Actor Benedict Cumberbatch was pretty much ubiquitous throughout the 2013 calendar with much ballyhooed roles in films as varied as Star Trek Into Darkness, The Fifth Estate and a trio of films currently in release – 12 Years a Slave, August: Osage County, The Hobbit: The Desolation of Smaug (it’s but his voice that appears in the later, but it’s instantly distinctive) – and his healthy employment appears to continue throughout the new year.
One of the most intriguing films Cumberbatch has in the works may just be The Imitation Game, a British period biographical drama set to come out sometime in 2014. The film tells the true life story of mathematician Alan Turing. Turing, a pioneer of computer science, helped crack the Enigma code during World War II and developed the Turing Machine, which has been considered a model for the all purpose computer. We may all owe a debt to his work for our collective online-obsessed modern lifestyle. Adding heft to the story was the very real and sad circumstances regarding Turing’s personal life. He was a gay man, for which he was prosecuted and convicted in 1952, and was given a choice between imprisonment and castration. He committed suicide at the age of 41. In May of 2012 a bill was set in motion to posthumously pardon Turing, which was signed into effect on December 24, 2013 and immediately taken into effect.
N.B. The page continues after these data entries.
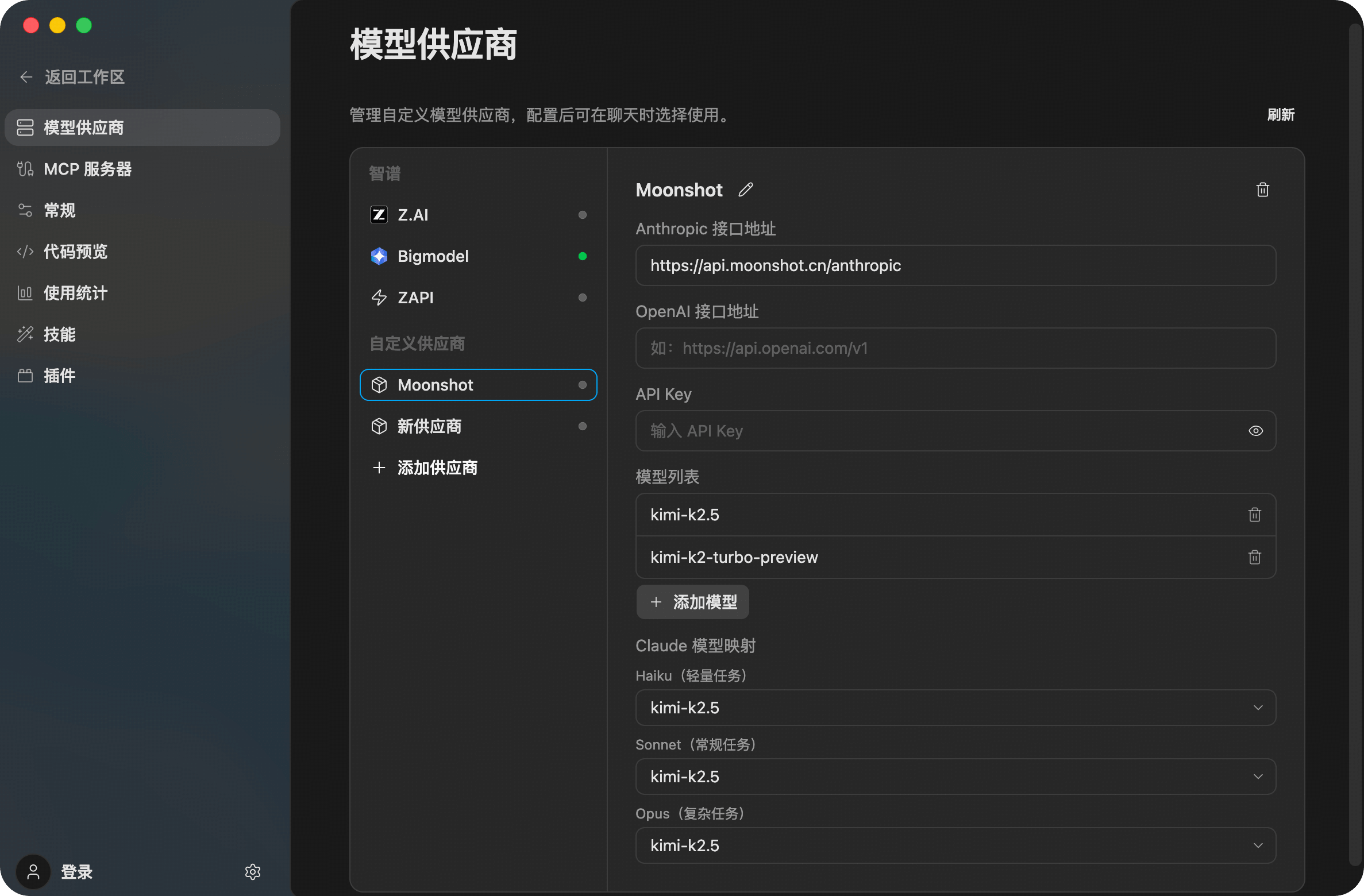 https://api.moonshot.cn/anthropic - Fill in the API key to use models such as
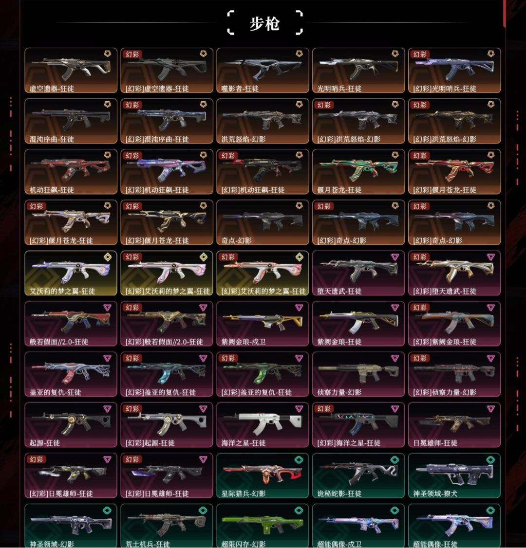 【拥有步枪】虚空遗器-狂徒,噬影者-狂徒,光明哨兵-狂徒,混沌序曲-狂徒,洪荒怒焰-幻影,机动狂飙-狂徒,偃月苍龙-狂徒,奇点-幻影,艾沃莉的梦之翼-狂徒,堕天遗武-狂徒,般若假面//2.0-狂徒,紫阙金琅-戍卫,紫阙金琅-狂徒,盖亚的复仇-狂徒,侦察力量-幻影,起源-狂徒,海洋之星-狂徒,日冕雄师-狂徒,星际猎兵-幻影,诡秘蛇影-狂徒,神圣领域-獠犬,神圣领域-幻影,荒土机兵-狂徒,超限闪存-幻影,超能偶像-戍卫,超能偶像-狂徒,流星兵团-狂徒,珍珠棘贝-幻影,珍珠棘贝-戍卫,钢轨卫士-狂徒,钢轨卫士-戍卫,沙尘幻旅-狂徒,噬源兽防卫工程-幻影,弧光异彩-獠犬,弧光异彩-狂徒,瑰梦艺语-狂徒,光环序列-戍卫,末日之翼-幻影,折光棱晶-戍卫,月球哨兵-戍卫,纳米-幻影,逆冲蛮牛-戍卫,逆冲蛮牛-獠犬,模拟赫兹-獠犬,浮光跃金-戍卫,聚合之力-幻影,采蜜小蜂队-獠犬,战术熊与伙伴们-戍卫,复古浪潮-獠犬,战术小伙伴-獠犬,战术小伙伴-幻影,萌彩剪影-戍卫,胡桃狂想-獠犬,彩梦之城-戍卫,
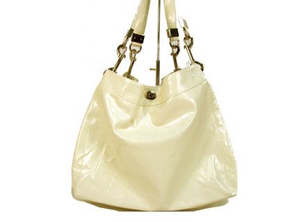 Trendy Tote Shoulder Bag with a snap closure and a detachable double handle. Bag has a metallic texture. Made of PU (polyurethane).
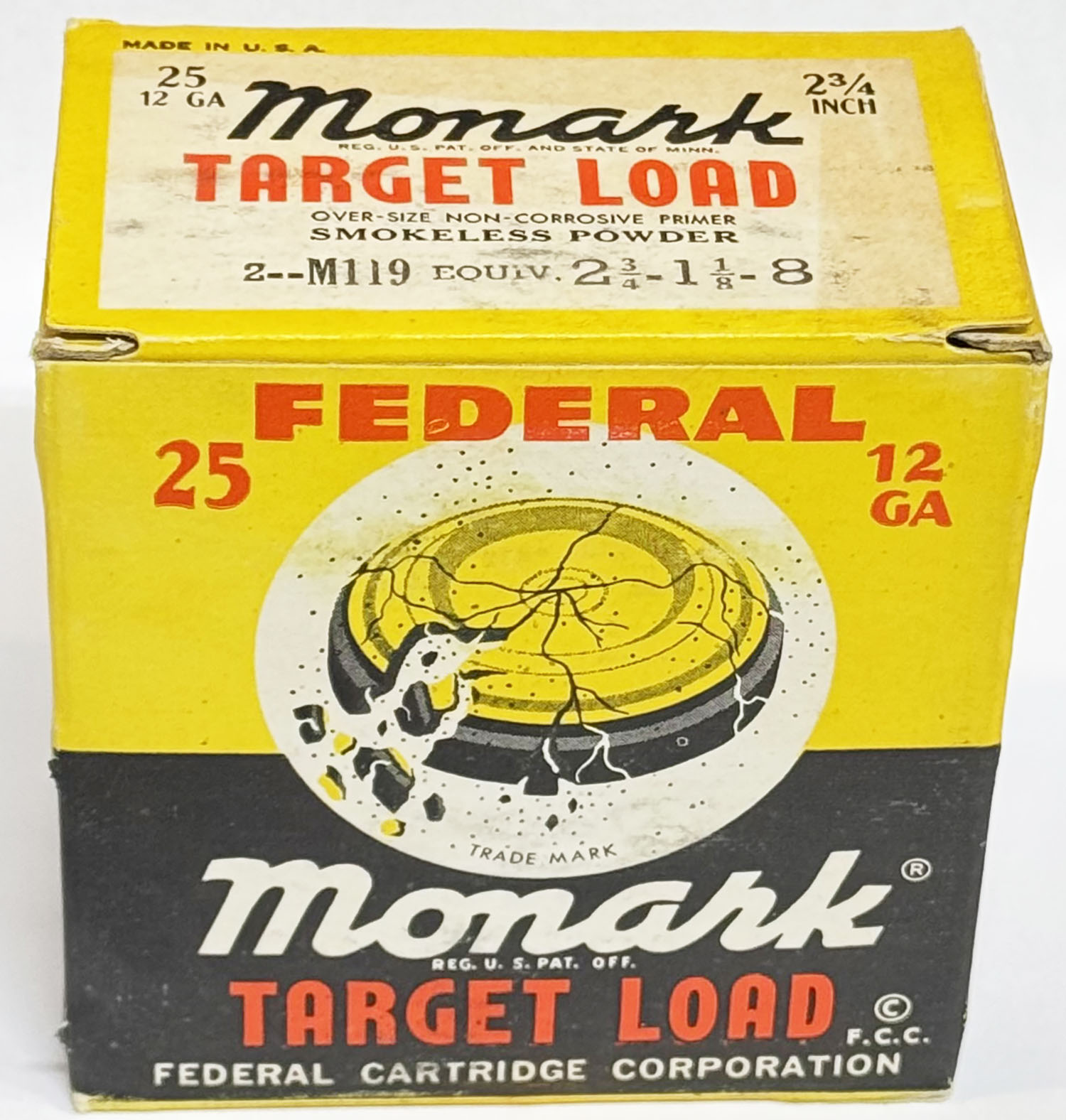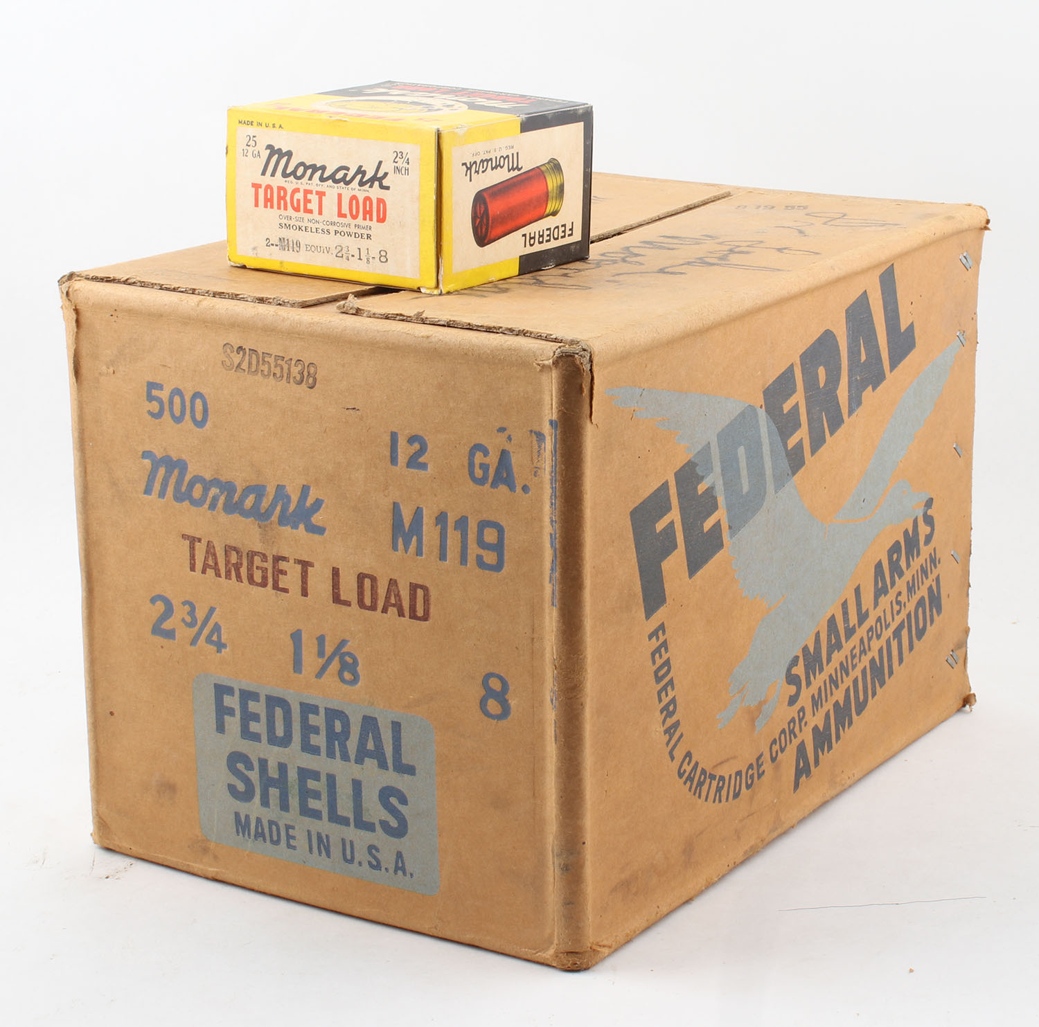 FULL CASE of FEDERAL, Monark, Target Load, 12ga., 1pc., FULL 500 rds., shot size 8, 2 3/4'', case is very solid & comes with original Insert, inside boxes are very solid with excellent color, paper shells are excellent. Grade: Excellent ++ - Value: 200 to 400

The above first image was tweeted out by the film’s official Twitter in celebration of Turing’s pardon.
In honor of today’s Royal Pardon, please find the first still released from the upcoming film, The Imitation Game. pic.twitter.com/qdJFHSAYj2
— The Imitation Game (@tigmovie) December 24, 2013
The Imitation Game was directed by Morten Tyldum (Headhunters) from a script by Graham Moore. Keira Knightley, Matthew Goode and Mark Strong co-star. The film is slated for release some time in 2014.